◆ Task goal
With pictures left out, output exactly the lines of the listing below from the line that has "Dnes navečer měl" to the line that has "美術館というビルディングタイ", both lines kept.

• • • • •

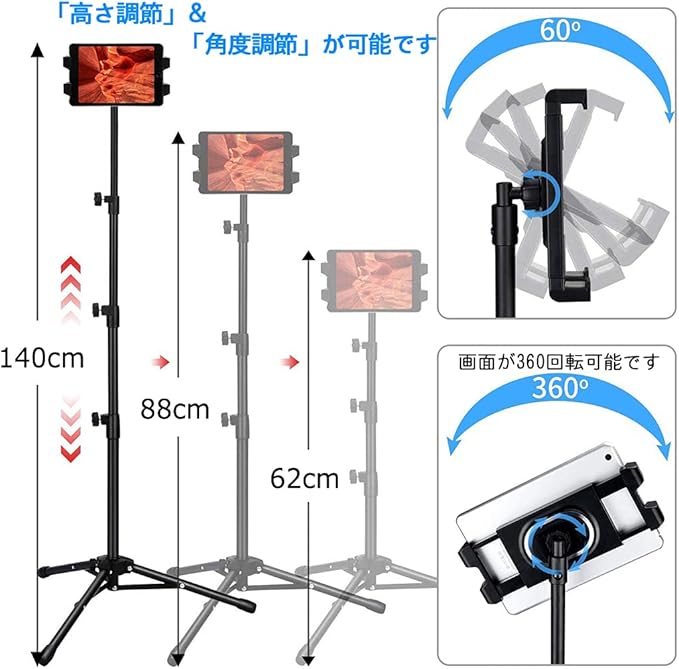 【高さ調整可能】高さは62cm~140cm調節できるので、パソコンで作業しながら、目線の高さにスマホを固定したいときにも便利です。3段式のパイプは可変できる箇所が複数あるので、高さが自由に調整できます
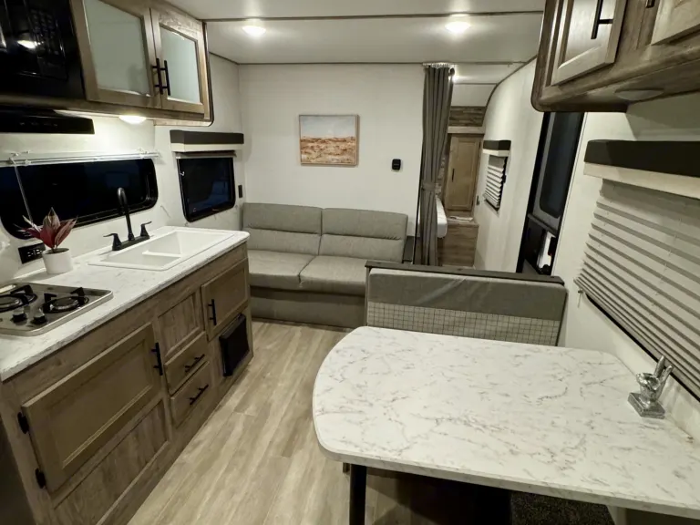 This cozy camper sleeps 4 adults or 2 adults with 4 kids (depending on how much you like each other). Comes stocked with kitchen essentials, chairs, bedding, and toiletries – just bring your snacks and your sense of adventure.We have a total of 7 campers we rent out. If you need something different or want to rent multiple campers let us know!We’ll deliver, set up, and tear down for you, so all you have to do is show up, relax, and make those camping dreams come true. Qué incluye• Bedding for bed only. If you plan on sleeping on the dinette and couch you will want to bring your own bedding.
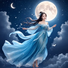 1girl,chinese hanfu,bare_shoulders,breasts,flying to the moon,full body,long hair,princess dress,starry sky,off-shoulder_dress,full moon,sea,blue theme,gradient,silhouette,rabbit,Chinese text,cloud,flower,
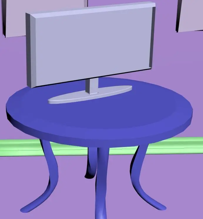 The room witch have: table, TV, 2 frame (rect and hex), plinth, Multilevel ceiling. Door and window have handle.All object divided by poligons and have`s unusual form.
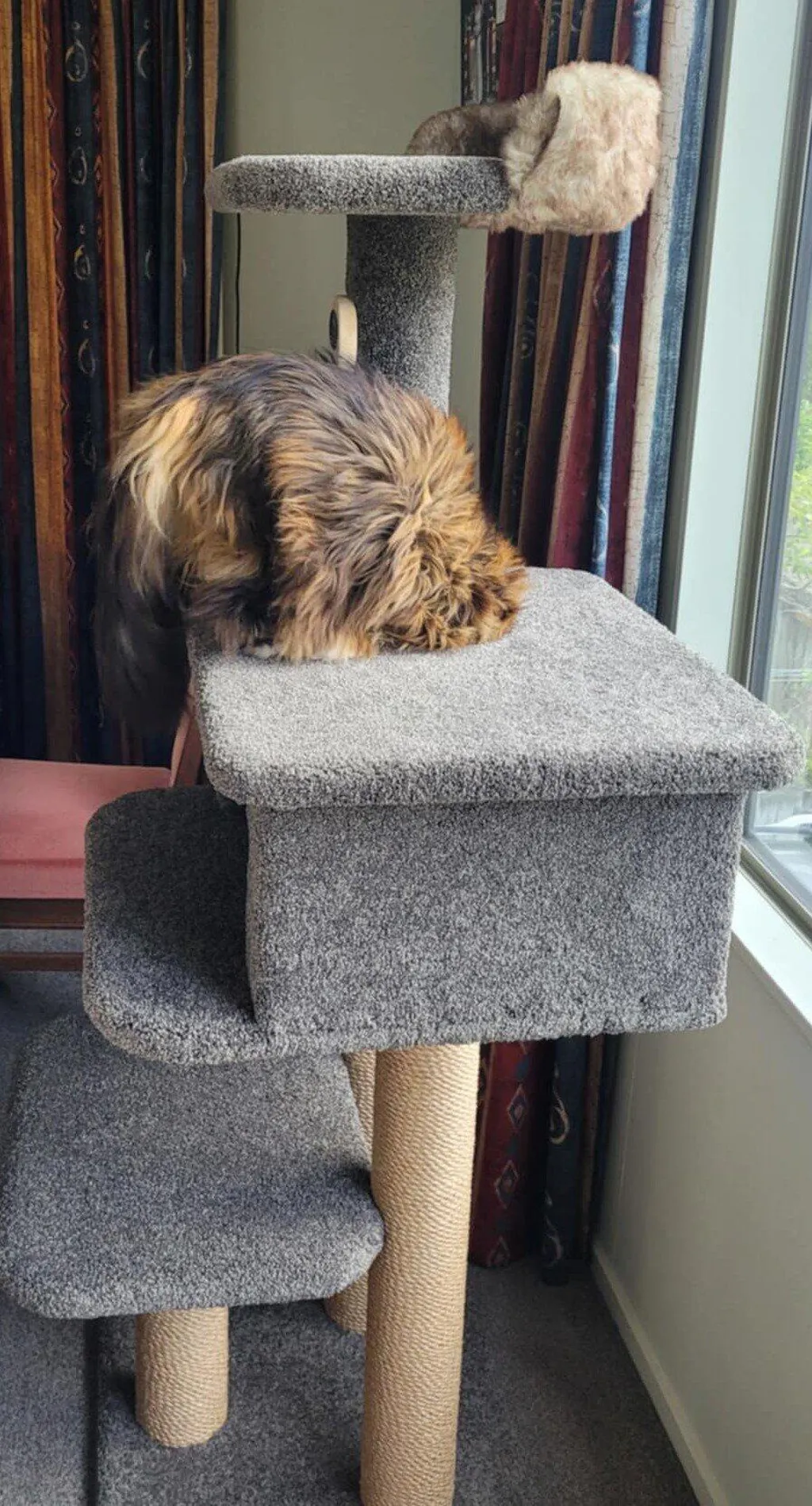 If you choose one of our bigger cat trees, it may take a bit longer to arrive as these units are made to order. Your tracking information will be sent to you immediately after your item/s are shipped. To transport them around New Zealand, for our larger trees we strap and pack them on pallets once they've left our factory you will be contacted by our bulk freight company.
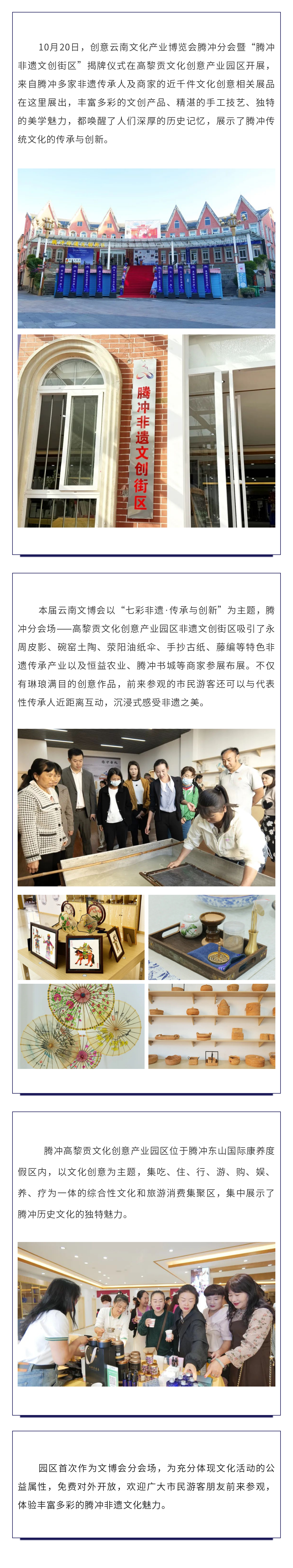 云南文博會,高黎貢文化創(chuàng)意產(chǎn)業(yè)園區(qū)展現(xiàn)騰沖多彩非遺文化 來源: 瀏覽量:2925 日期:2023-10-20 分享到: 上一篇:保山市綠色生物醫(yī)藥產(chǎn)業(yè)鏈群專班蒞臨恒益農(nóng)業(yè)食品加工園調(diào)研 下一篇:直播預熱丨文博會分會場,相約騰沖高黎貢文化創(chuàng)意產(chǎn)業(yè)園區(qū)
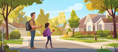 A father stands in the middle of his driveway, holding out an apple to his daughter as she walks towards him . The background is a suburban neighborhood with trees and houses in a flat cartoon style.
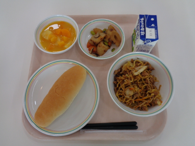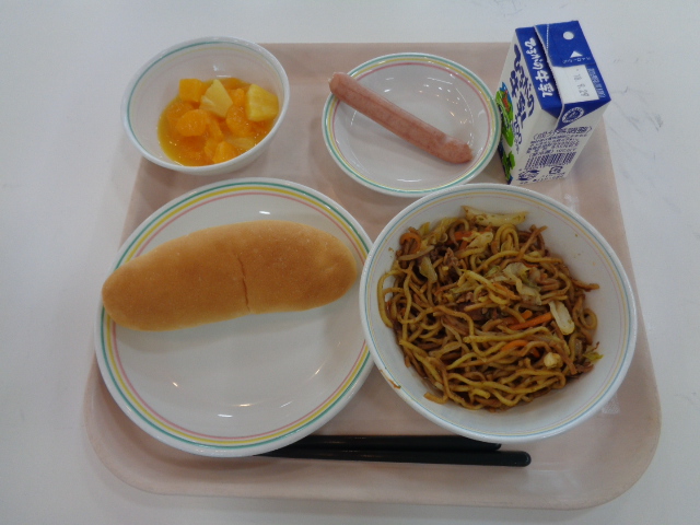 給食では、中華めんをオーブンで焼いています。それは、釜で炒めると、炒めているうちに釜にくっついて、仕上げる頃には量が少なくなってしまったり、切れ切れの麺になってしまう可能性があるためです。オーブンでしっかりと焼くことで、温度がきちんと上がり、材料と釜で混ぜ合わせる時間が少なくなり、釜にくっつくことも少なくなるためです。また、給食ではケチャップを使っています。今日のやきそばのお味はいかがですか?
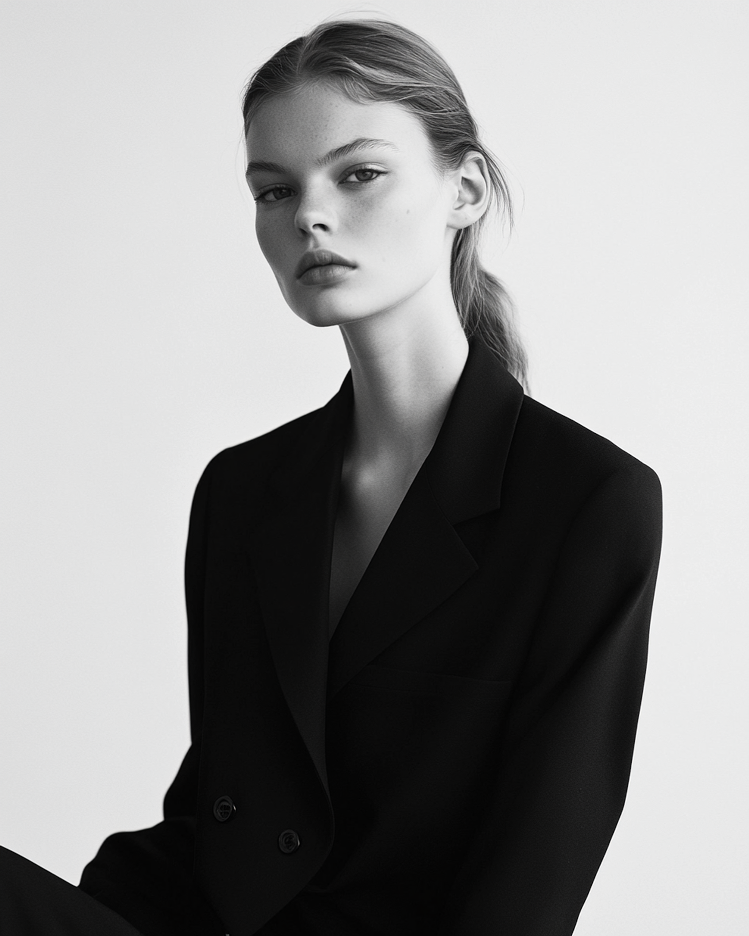 Black and white portrait of a young woman in a black blazer, with light hair pulled back, exuding elegance and poise.
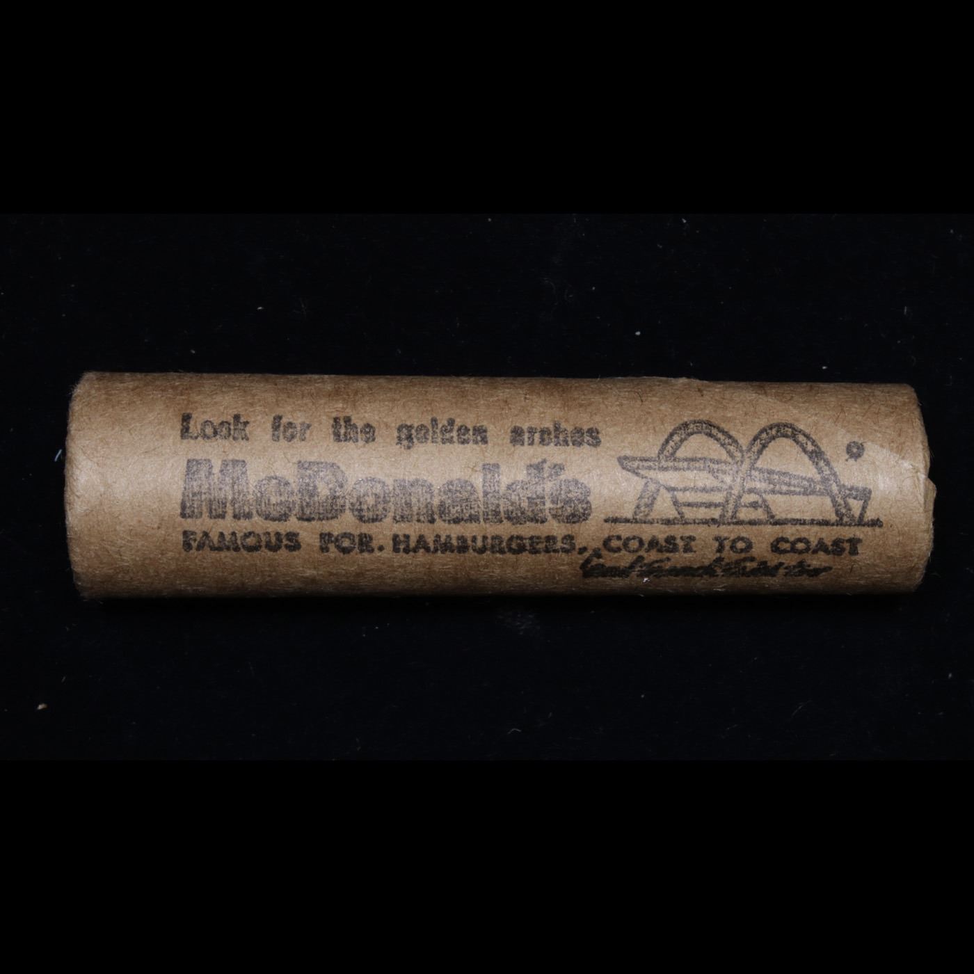 Mixed small cents 1c orig shotgun roll, 1857 Flying Eagle cent, 1889 Indian Cent other end, McDnalds
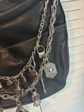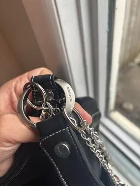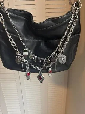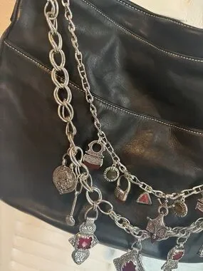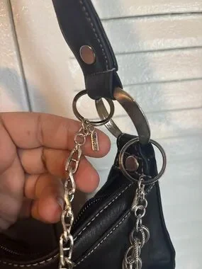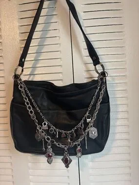 Vintage Danier Black Leather Bag + Zara Charm Chains Y2K Luxe
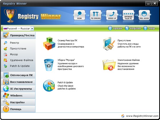 Registry Winner - программа для очистки системного реестра, которая позволяет находить и исправлять ошибки, повышая производительность системы. После обнаружения проблем, программа предоставит вам профессиональное и высоко-эффективное решение для восстановления работоспособности вашего компьютера. При постоянном обслуживании системы с помощью этой утилиты вы будете иметь упорядоченный системный реестр и система соответственно будет работать более стабильно.
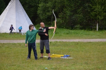 Dnes navečer měl náš osmý oddíl možnost vyzkoušet si střelbu z luku. Nejdříve jsme prohledali táborový sklad, abychom našli potřebný materiál, a pak si vlastními silami společně vyrobili terč. Někdo řezal molitan, další kluci ho připevňovali k desce, ostatní kreslili vodovými barvami čtyřbarevný terč. A pak se šlo na hřiště. Při střelbě nám asistoval Aleš, zkušený to lukostřelec, a naše oddílová vedoucí Blanka, která nám nasadila chrániče na prsty a předloktí. Šípy svištěly tak rychle a lítaly tak daleko, že jsme nakonec dva prostě nenašly. Sorry jako. I když někdo se netrefil a někdo zase jó, všichni jsme si to užili a přestávky mezi výměnami střelců si navíc krátili fotbálkem s kluky ze dvojky. Robin Hood by z nás měl určitě radost!
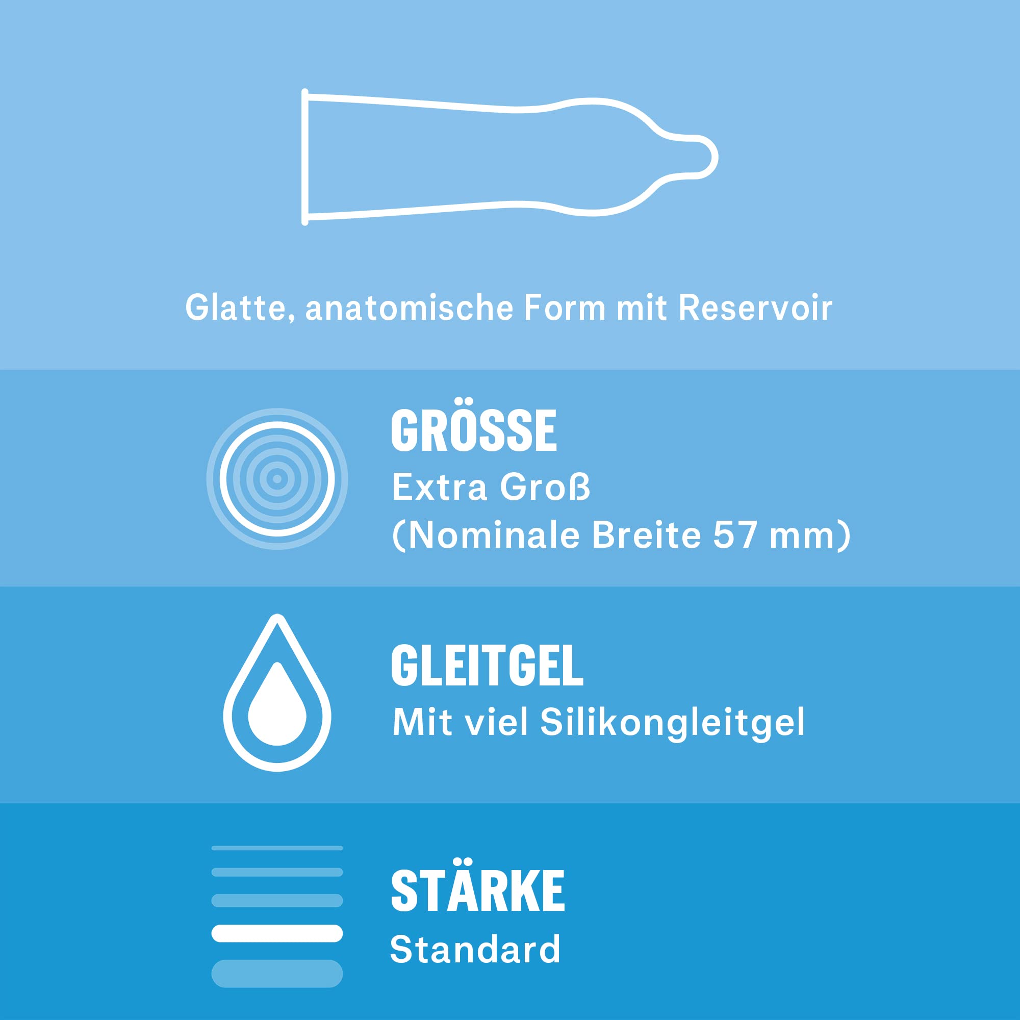 Durex Gefühlsecht XXL Kondome Durex Gefühlsecht XXL sind dünne Kondome für intensives Gefühl und innige Zweisamkeit mit grosser Passform (60 mm nominale Breite). Dank der Easy-On-Form sitzt das Kondom bequem, während die neue Formel für einen angenehmen Geruch sorgt. Für ein gutes Gefühl sind die Kondome mit Silikongleitgel befeuchtet. Die richtige Kondomgrösse ist wichtig, denn ein zu grosses Kondom kann abrutschen und ein zu kleines platzen. Ein Kondom sollte stets bequem und sicher sein. Durex Kondome durchlaufen 5 Qualitätstests und sind dermatologisch getestet. Zudem wird jedes einzelne Kondom zu 100 % elektronisch geprüft. Denke daran, dass keine Verhütungsmethode zu 100 % vor Schwangerschaft, HIV oder sexuell übertragbaren Krankheiten schützt.ProduktinformationenDünne Kondome für ein intensives Gefühl mit grosser PassformMaterial: NaturkautschuklatexNominale Breite: 60 mm (grosse Passform)Transparent und mit Silikongleitgel befeuchtetMit glatter Easy-On-Form und Reservoir30er Packung (3 x 10 St)RICHTIG GUTER SEX FÜR ALLE Wir stehen für echten Sex. Egal, auf was ihr steht – wir möchten, dass ihr euch damit gut fühlt. Wir glauben daran, Probleme zu erkennen und kämpfen dafür, sie zu lösen. Sex, der sich gut anfühlt – und gut tut.
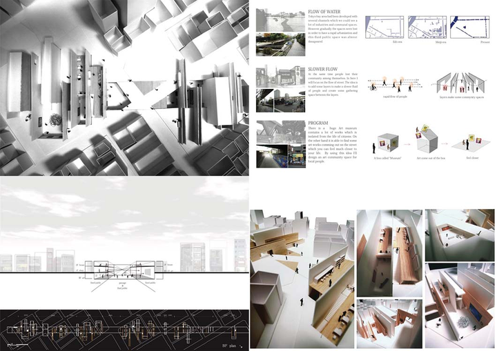 美術館というビルディングタイプの公共空間のあり方に着目し、清澄白河駅から東京都現代美術館までを敷地として、駅という非常に流動的な公共空間と東京都現代美術館という新しい流動性を持つ公共建築を繋ぎ、始点と終点の間に新たな流動性を創出することを目的とし設計しました。
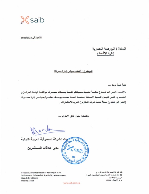 أعلن بنك الشركة المصرفية العربية الدولية Saib، عن تسلمه خطابا بموافقة البنك المركزي المصري على تعيين محمد أحمد محمد يوسف عضوا غير تنفيذي في مجلس إدارة البنك.
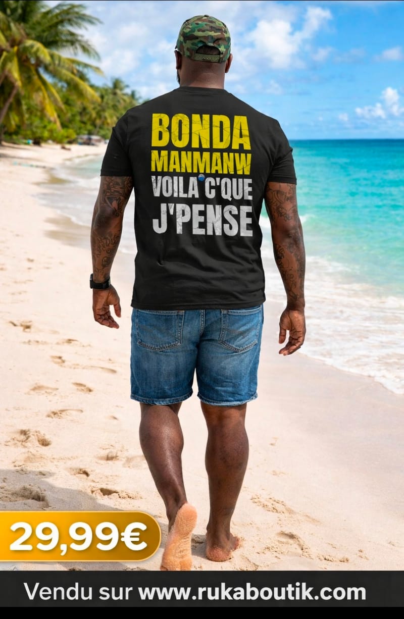 Affirme ton style avec ce t-shirt au message fort, inspiré de la culture antillaise. Confortable, résistant et tendance, il t’accompagne de la plage à la ville. Un look qui parle pour toi. TAILLES : S M L XL XXL XXXL
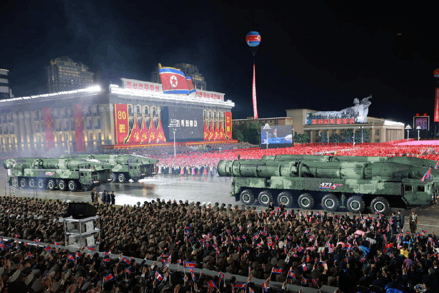 In the military parade, nuclear-armed North Korea displayed its most advanced Hwasong-20 intercontinental ballistic missile, described by KCNA as the country's "strongest nuclear strategic weapon system."
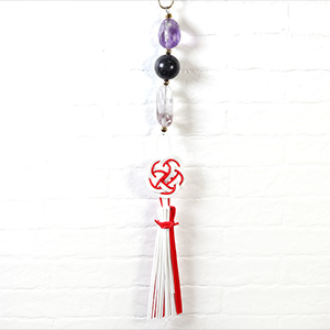 アメジストの上には、小粒のガーネットを付けました。 ガーネットは、運氣の種蒔きが得意な石です。 運氣の畑を耕す手を止めてしまうことなく、 ご縁やチャンス、行動力や新視点を追求する エンジンとなってくれるはずですよ。
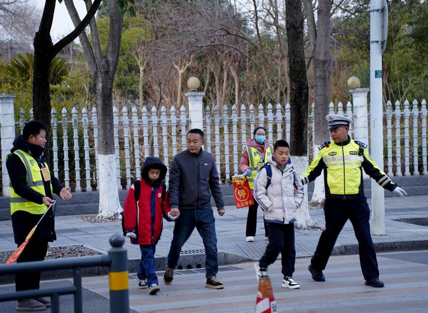 “民警把我的孩子牵过马路,送进校门,让我们家长感到安全和温馨”2月13日上门,鸣凤城区的张阿姨驾驶私家车送孩子到鸣凤中心小学入学,自己还没有下车,孩子就被在此护学的交警送进了学校。

• • • • •

◆ Problem solution
 Dnes navečer měl náš osmý oddíl možnost vyzkoušet si střelbu z luku. Nejdříve jsme prohledali táborový sklad, abychom našli potřebný materiál, a pak si vlastními silami společně vyrobili terč. Někdo řezal molitan, další kluci ho připevňovali k desce, ostatní kreslili vodovými barvami čtyřbarevný terč. A pak se šlo na hřiště. Při střelbě nám asistoval Aleš, zkušený to lukostřelec, a naše oddílová vedoucí Blanka, která nám nasadila chrániče na prsty a předloktí. Šípy svištěly tak rychle a lítaly tak daleko, že jsme nakonec dva prostě nenašly. Sorry jako. I když někdo se netrefil a někdo zase jó, všichni jsme si to užili a přestávky mezi výměnami střelců si navíc krátili fotbálkem s kluky ze dvojky. Robin Hood by z nás měl určitě radost!
 Durex Gefühlsecht XXL Kondome Durex Gefühlsecht XXL sind dünne Kondome für intensives Gefühl und innige Zweisamkeit mit grosser Passform (60 mm nominale Breite). Dank der Easy-On-Form sitzt das Kondom bequem, während die neue Formel für einen angenehmen Geruch sorgt. Für ein gutes Gefühl sind die Kondome mit Silikongleitgel befeuchtet. Die richtige Kondomgrösse ist wichtig, denn ein zu grosses Kondom kann abrutschen und ein zu kleines platzen. Ein Kondom sollte stets bequem und sicher sein. Durex Kondome durchlaufen 5 Qualitätstests und sind dermatologisch getestet. Zudem wird jedes einzelne Kondom zu 100 % elektronisch geprüft. Denke daran, dass keine Verhütungsmethode zu 100 % vor Schwangerschaft, HIV oder sexuell übertragbaren Krankheiten schützt.ProduktinformationenDünne Kondome für ein intensives Gefühl mit grosser PassformMaterial: NaturkautschuklatexNominale Breite: 60 mm (grosse Passform)Transparent und mit Silikongleitgel befeuchtetMit glatter Easy-On-Form und Reservoir30er Packung (3 x 10 St)RICHTIG GUTER SEX FÜR ALLE Wir stehen für echten Sex. Egal, auf was ihr steht – wir möchten, dass ihr euch damit gut fühlt. Wir glauben daran, Probleme zu erkennen und kämpfen dafür, sie zu lösen. Sex, der sich gut anfühlt – und gut tut.
 美術館というビルディングタイプの公共空間のあり方に着目し、清澄白河駅から東京都現代美術館までを敷地として、駅という非常に流動的な公共空間と東京都現代美術館という新しい流動性を持つ公共建築を繋ぎ、始点と終点の間に新たな流動性を創出することを目的とし設計しました。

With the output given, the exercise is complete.